■ THE PROBLEM
Every record below should be repeated exactly, with the pictures left out.

# # # # # # #

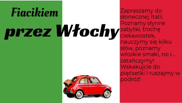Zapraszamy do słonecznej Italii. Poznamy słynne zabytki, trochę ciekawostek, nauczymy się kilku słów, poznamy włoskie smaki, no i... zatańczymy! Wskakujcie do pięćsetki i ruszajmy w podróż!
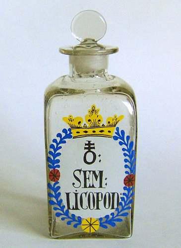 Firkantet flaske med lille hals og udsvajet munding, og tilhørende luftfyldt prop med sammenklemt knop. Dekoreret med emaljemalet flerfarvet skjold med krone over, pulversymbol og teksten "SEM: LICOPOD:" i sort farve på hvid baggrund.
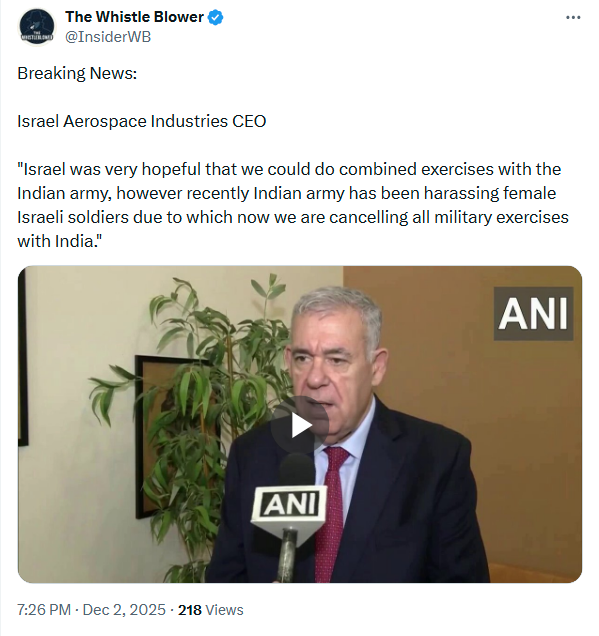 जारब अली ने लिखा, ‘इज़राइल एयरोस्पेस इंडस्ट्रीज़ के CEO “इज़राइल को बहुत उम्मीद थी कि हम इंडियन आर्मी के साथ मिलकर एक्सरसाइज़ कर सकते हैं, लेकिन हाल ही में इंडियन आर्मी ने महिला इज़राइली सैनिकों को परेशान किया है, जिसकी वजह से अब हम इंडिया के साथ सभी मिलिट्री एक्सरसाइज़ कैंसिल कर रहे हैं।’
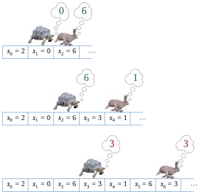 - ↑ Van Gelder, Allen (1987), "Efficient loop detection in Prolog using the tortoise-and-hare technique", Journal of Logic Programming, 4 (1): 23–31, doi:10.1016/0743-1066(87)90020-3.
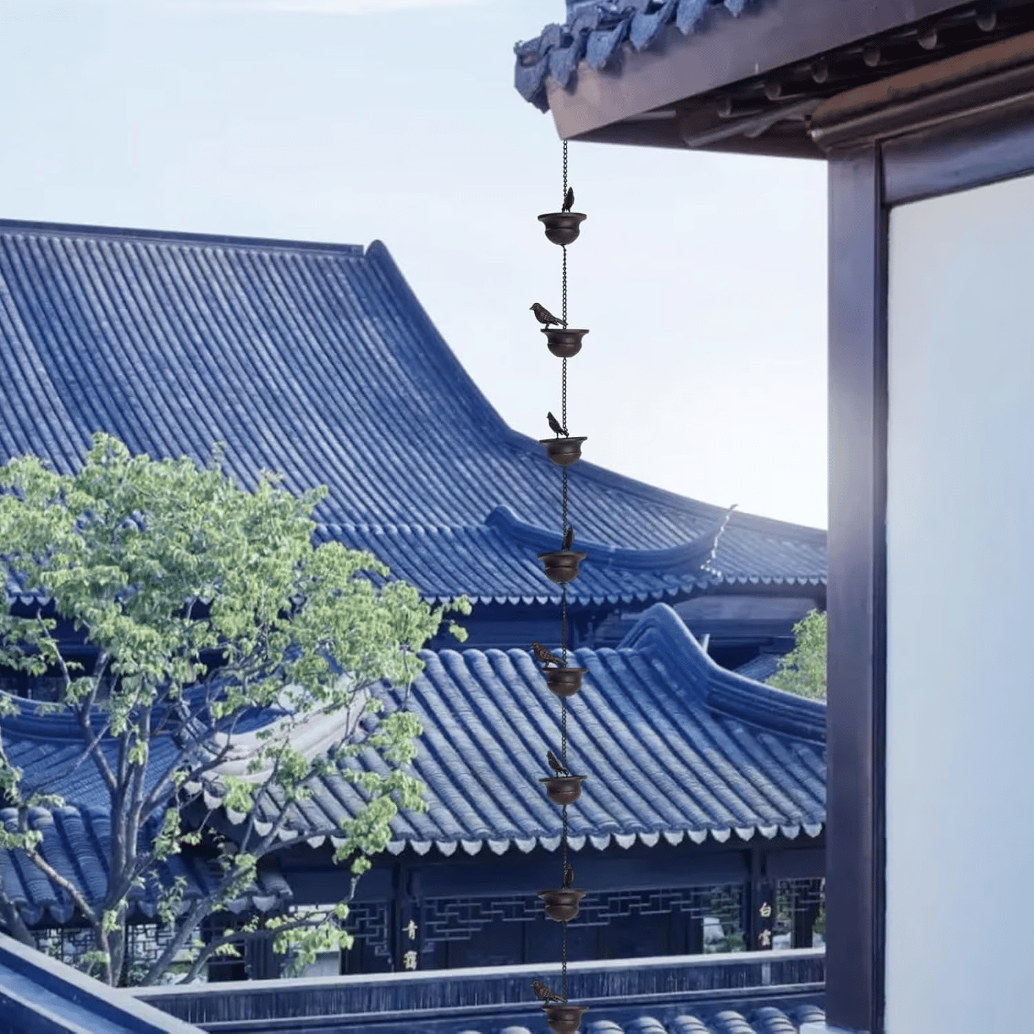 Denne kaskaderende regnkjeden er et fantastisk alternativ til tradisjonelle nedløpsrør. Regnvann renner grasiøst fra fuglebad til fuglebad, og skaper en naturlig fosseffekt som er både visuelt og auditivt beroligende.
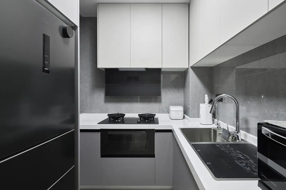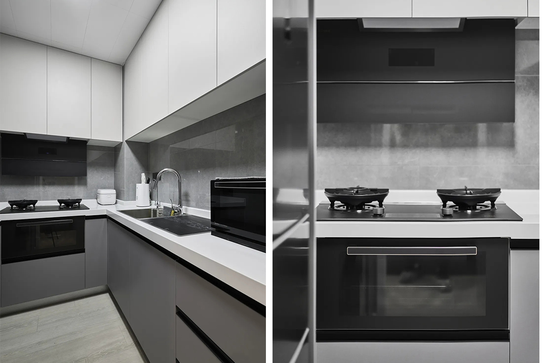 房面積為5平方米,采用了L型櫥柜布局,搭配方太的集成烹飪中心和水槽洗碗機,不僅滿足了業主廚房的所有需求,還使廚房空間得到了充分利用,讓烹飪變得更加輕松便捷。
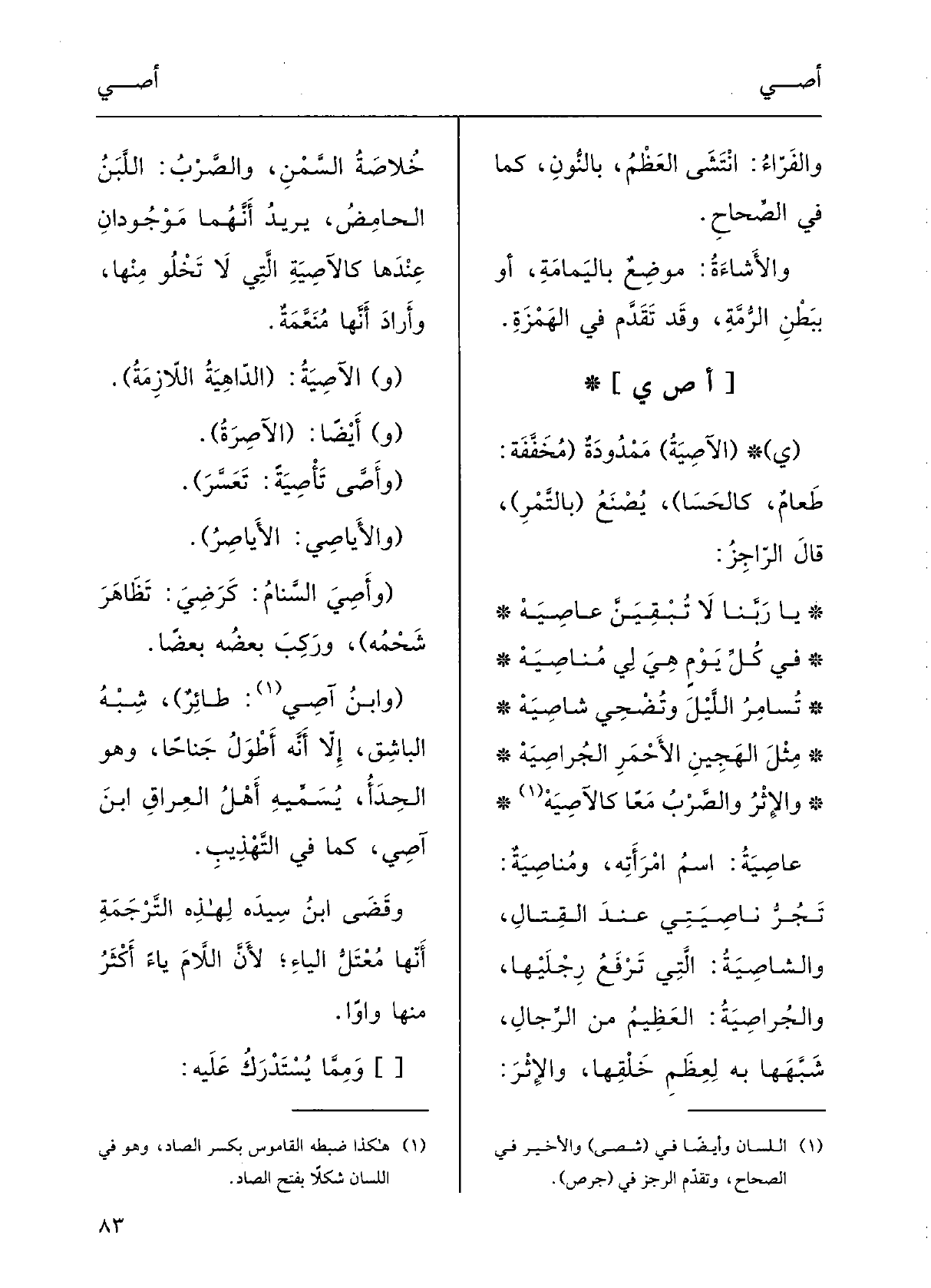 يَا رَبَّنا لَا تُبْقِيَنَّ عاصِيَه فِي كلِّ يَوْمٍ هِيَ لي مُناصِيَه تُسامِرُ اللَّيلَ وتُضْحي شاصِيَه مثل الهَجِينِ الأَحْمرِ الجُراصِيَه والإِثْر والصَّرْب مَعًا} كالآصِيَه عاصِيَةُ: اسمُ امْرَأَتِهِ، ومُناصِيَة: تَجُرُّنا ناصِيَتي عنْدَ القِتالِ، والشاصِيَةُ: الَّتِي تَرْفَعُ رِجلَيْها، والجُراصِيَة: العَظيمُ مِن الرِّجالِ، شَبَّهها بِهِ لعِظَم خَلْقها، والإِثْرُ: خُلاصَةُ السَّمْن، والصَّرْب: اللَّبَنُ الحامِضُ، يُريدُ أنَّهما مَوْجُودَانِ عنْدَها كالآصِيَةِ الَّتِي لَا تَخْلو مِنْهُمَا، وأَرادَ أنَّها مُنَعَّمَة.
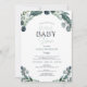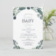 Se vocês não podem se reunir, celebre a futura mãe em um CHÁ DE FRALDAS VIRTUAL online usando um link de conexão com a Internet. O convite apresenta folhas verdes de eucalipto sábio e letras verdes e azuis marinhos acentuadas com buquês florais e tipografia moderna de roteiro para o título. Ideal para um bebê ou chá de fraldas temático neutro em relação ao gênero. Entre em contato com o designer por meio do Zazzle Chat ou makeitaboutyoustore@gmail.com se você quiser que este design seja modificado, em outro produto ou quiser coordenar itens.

# # # # # # #

■ SOLUTION TO THIS TASK
Zapraszamy do słonecznej Italii. Poznamy słynne zabytki, trochę ciekawostek, nauczymy się kilku słów, poznamy włoskie smaki, no i... zatańczymy! Wskakujcie do pięćsetki i ruszajmy w podróż!
 Firkantet flaske med lille hals og udsvajet munding, og tilhørende luftfyldt prop med sammenklemt knop. Dekoreret med emaljemalet flerfarvet skjold med krone over, pulversymbol og teksten "SEM: LICOPOD:" i sort farve på hvid baggrund.
 जारब अली ने लिखा, ‘इज़राइल एयरोस्पेस इंडस्ट्रीज़ के CEO “इज़राइल को बहुत उम्मीद थी कि हम इंडियन आर्मी के साथ मिलकर एक्सरसाइज़ कर सकते हैं, लेकिन हाल ही में इंडियन आर्मी ने महिला इज़राइली सैनिकों को परेशान किया है, जिसकी वजह से अब हम इंडिया के साथ सभी मिलिट्री एक्सरसाइज़ कैंसिल कर रहे हैं।’
 - ↑ Van Gelder, Allen (1987), "Efficient loop detection in Prolog using the tortoise-and-hare technique", Journal of Logic Programming, 4 (1): 23–31, doi:10.1016/0743-1066(87)90020-3.
 Denne kaskaderende regnkjeden er et fantastisk alternativ til tradisjonelle nedløpsrør. Regnvann renner grasiøst fra fuglebad til fuglebad, og skaper en naturlig fosseffekt som er både visuelt og auditivt beroligende.
 房面積為5平方米,采用了L型櫥柜布局,搭配方太的集成烹飪中心和水槽洗碗機,不僅滿足了業主廚房的所有需求,還使廚房空間得到了充分利用,讓烹飪變得更加輕松便捷。
 يَا رَبَّنا لَا تُبْقِيَنَّ عاصِيَه فِي كلِّ يَوْمٍ هِيَ لي مُناصِيَه تُسامِرُ اللَّيلَ وتُضْحي شاصِيَه مثل الهَجِينِ الأَحْمرِ الجُراصِيَه والإِثْر والصَّرْب مَعًا} كالآصِيَه عاصِيَةُ: اسمُ امْرَأَتِهِ، ومُناصِيَة: تَجُرُّنا ناصِيَتي عنْدَ القِتالِ، والشاصِيَةُ: الَّتِي تَرْفَعُ رِجلَيْها، والجُراصِيَة: العَظيمُ مِن الرِّجالِ، شَبَّهها بِهِ لعِظَم خَلْقها، والإِثْرُ: خُلاصَةُ السَّمْن، والصَّرْب: اللَّبَنُ الحامِضُ، يُريدُ أنَّهما مَوْجُودَانِ عنْدَها كالآصِيَةِ الَّتِي لَا تَخْلو مِنْهُمَا، وأَرادَ أنَّها مُنَعَّمَة.
 Se vocês não podem se reunir, celebre a futura mãe em um CHÁ DE FRALDAS VIRTUAL online usando um link de conexão com a Internet. O convite apresenta folhas verdes de eucalipto sábio e letras verdes e azuis marinhos acentuadas com buquês florais e tipografia moderna de roteiro para o título. Ideal para um bebê ou chá de fraldas temático neutro em relação ao gênero. Entre em contato com o designer por meio do Zazzle Chat ou makeitaboutyoustore@gmail.com se você quiser que este design seja modificado, em outro produto ou quiser coordenar itens.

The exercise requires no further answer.